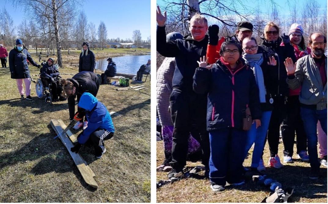 Kuva 8. Saavutettava ja esteetön Katoava puisto ja tekijöitä Pohjantähti-opiston monikulttuurisesta ryhmästä (Kuva: Susanna Kamsula)
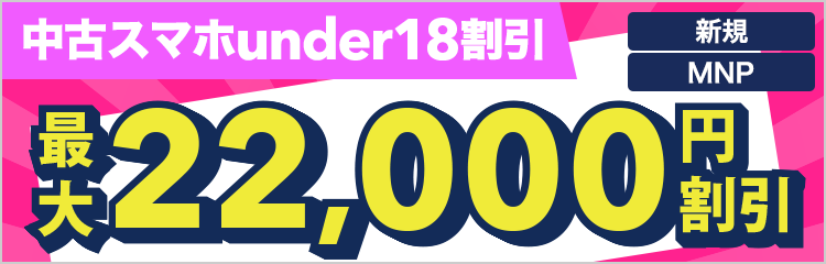【Web限定】お申込み時点で、利用者の年齢が5歳以上18歳以下のお客様は、中古端末代が新規契約・乗り換え(MNP)契約で最大22,000円割引!
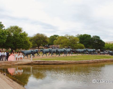 开拓者广场(Pioneer Plaza)这边有一大群的牛雕塑,材质应该是青铜,各种各样的形态都有,给人的感觉就像从山上冲下来了几十头牛,还挺壮观的。来这的时候池塘旁边恰巧遇到有人在拍婚纱照。很多人在这边散步。
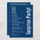 This modern design in navy blue and white is an elegant way to invite your guests to a SURPRISE 50th birthday party. All text is totally customisable. You can change the background colour or the text colour for a different look. Although this design is featured on a basic paper, I recommend the linen finish paper, which gives your invitation a more elegant touch, or the premium ice hued metallic paper, which will give your invitations a festive shimmer and shine.
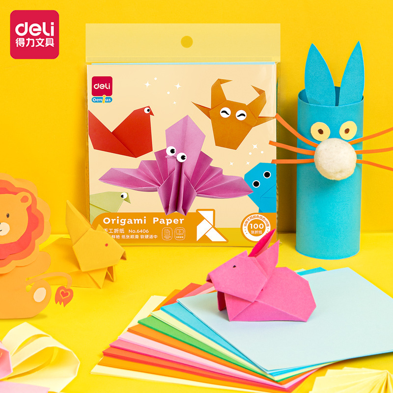 델리 6406 어린이 수제 DIY 종이 접기 만들기 재료 만화 수제 장난감 동물 색종이 유치원스토어 가기
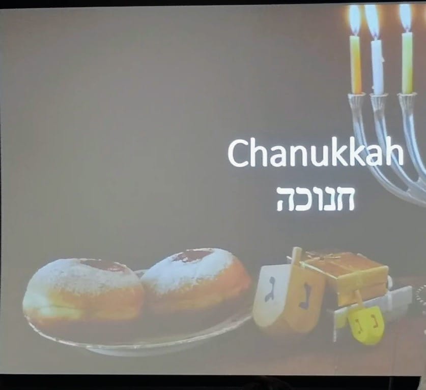 The communal celebration was fuelled by an array of festive favourites, such as bagels, wraps, jam doughnuts and potato latkes. The latter has a symbolic importance due to its oily texture, a reference to the Miracle of Hanukkah.
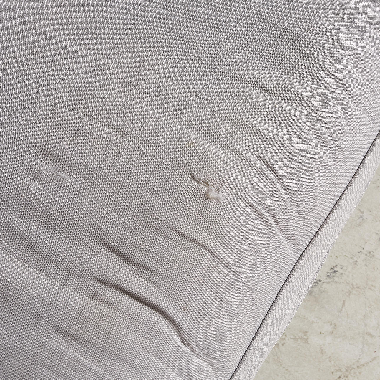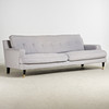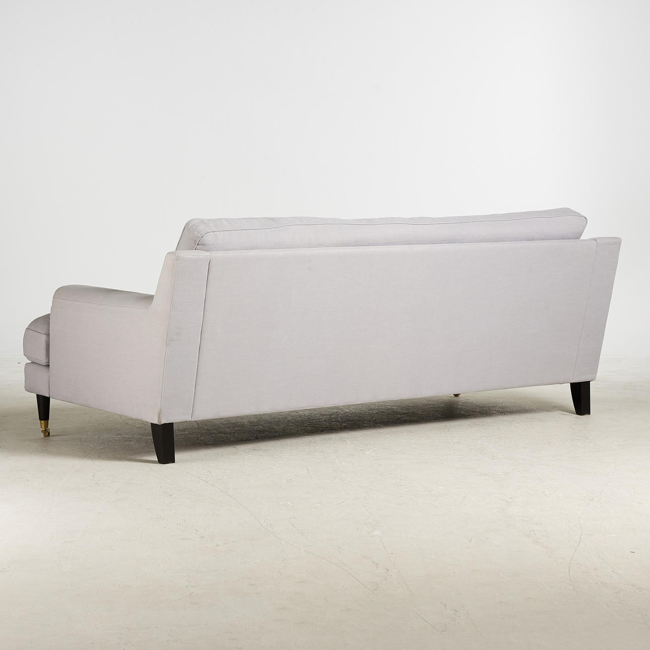 Sammetssoffa, 2000-tal, Sverige, klädsel i grått sammet, lösa plymåer, hjultrissor i mässing, sitthöjd ca 44 cm, bredd ca 100 cm.
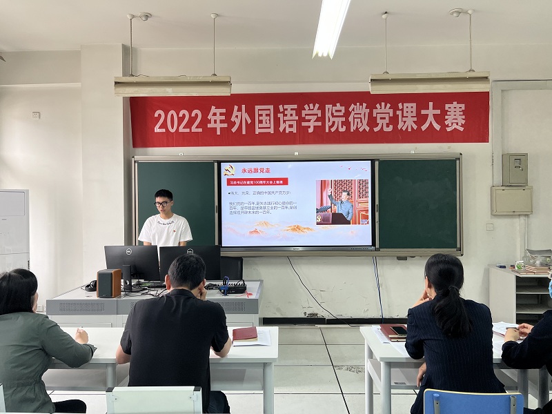 为深入学习贯彻习近平新时代中国特色社会主义思想,喜迎党的二十大,5月19日下午,外国语学院举行了以“喜迎二十大 奋进新时代”为主题的微党课大赛。
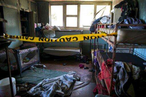 FILE - In this Feb. 14, 2020 file photo, police tape hangs inside an empty room at a children's home run by the Church of Bible Understanding (COBU) where a fire broke out the previous night, in Kenscoff, on the outskirts of Port-au-Prince, Haiti. Haitian prosecutors have begun a criminal investigation into the church's homes, which held a total of 154 children at the time of the fire, according to Haiti's children's welfare agency. (AP Photo/Dieu Nalio Chery, File) The Associated Press
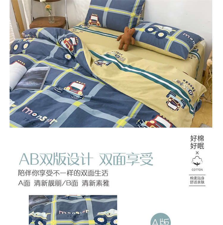 (总)感遇家纺 2022新款全棉印花四件套,格子小花,黑格恐龙,蓝色心情,浅暖
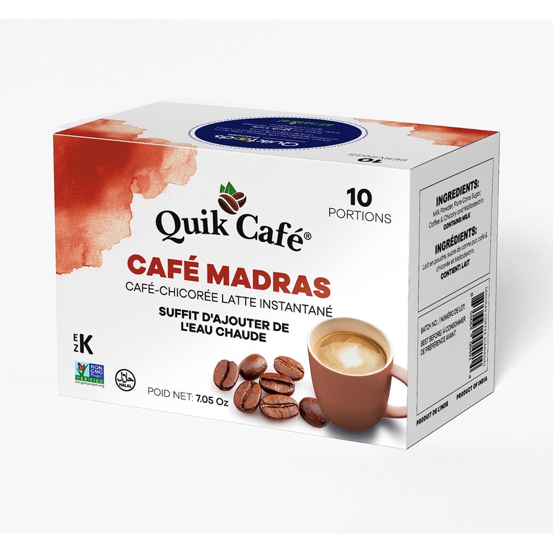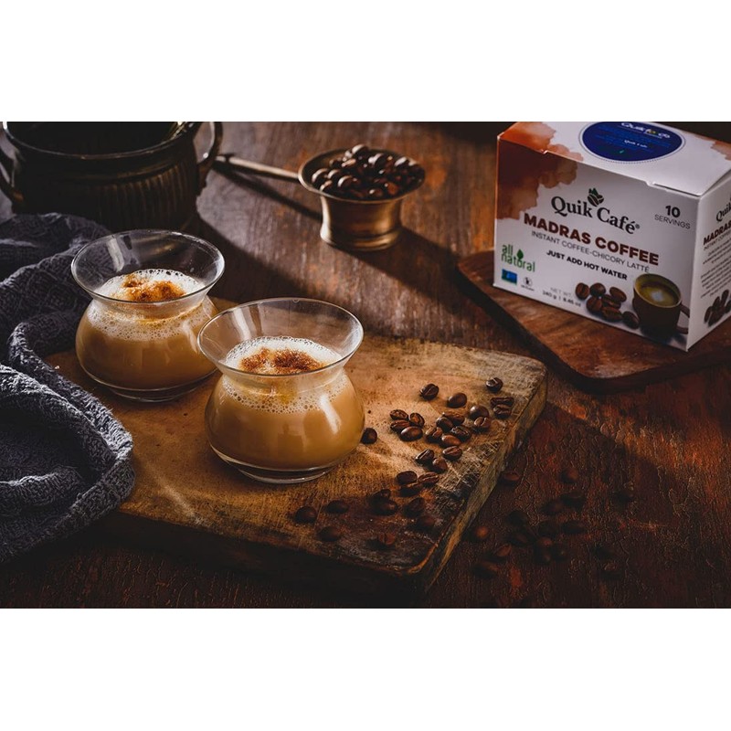 Quik Cafe Madras Coffee Latte - 10 Count Single Box - All Natural & Preservative Free Authentic Instant Coffee
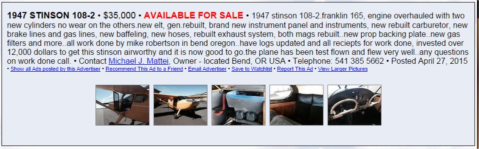 Leave a comment Posted on May 1, 2015May 5, 2015 Uncategorized Stinson Owner History History on the ownership of N9391K. Born on date is April 11, 1947, so the Stinson is 68 years old. $5,015.57 in today’s dollars is $54,777.48. The average condition flyable Stinson 108-2 price on today’s used aircraft market is $35,000.00.

---------------

Brief: Restrict the output to the lines from the one with "델리 6406 어린이" through the last line of the material above. Print them exactly, leaving out every picture.

Answer:
 델리 6406 어린이 수제 DIY 종이 접기 만들기 재료 만화 수제 장난감 동물 색종이 유치원스토어 가기
 The communal celebration was fuelled by an array of festive favourites, such as bagels, wraps, jam doughnuts and potato latkes. The latter has a symbolic importance due to its oily texture, a reference to the Miracle of Hanukkah.
 Sammetssoffa, 2000-tal, Sverige, klädsel i grått sammet, lösa plymåer, hjultrissor i mässing, sitthöjd ca 44 cm, bredd ca 100 cm.
 为深入学习贯彻习近平新时代中国特色社会主义思想,喜迎党的二十大,5月19日下午,外国语学院举行了以“喜迎二十大 奋进新时代”为主题的微党课大赛。
 FILE - In this Feb. 14, 2020 file photo, police tape hangs inside an empty room at a children's home run by the Church of Bible Understanding (COBU) where a fire broke out the previous night, in Kenscoff, on the outskirts of Port-au-Prince, Haiti. Haitian prosecutors have begun a criminal investigation into the church's homes, which held a total of 154 children at the time of the fire, according to Haiti's children's welfare agency. (AP Photo/Dieu Nalio Chery, File) The Associated Press
 (总)感遇家纺 2022新款全棉印花四件套,格子小花,黑格恐龙,蓝色心情,浅暖
 Quik Cafe Madras Coffee Latte - 10 Count Single Box - All Natural & Preservative Free Authentic Instant Coffee
 Leave a comment Posted on May 1, 2015May 5, 2015 Uncategorized Stinson Owner History History on the ownership of N9391K. Born on date is April 11, 1947, so the Stinson is 68 years old. $5,015.57 in today’s dollars is $54,777.48. The average condition flyable Stinson 108-2 price on today’s used aircraft market is $35,000.00.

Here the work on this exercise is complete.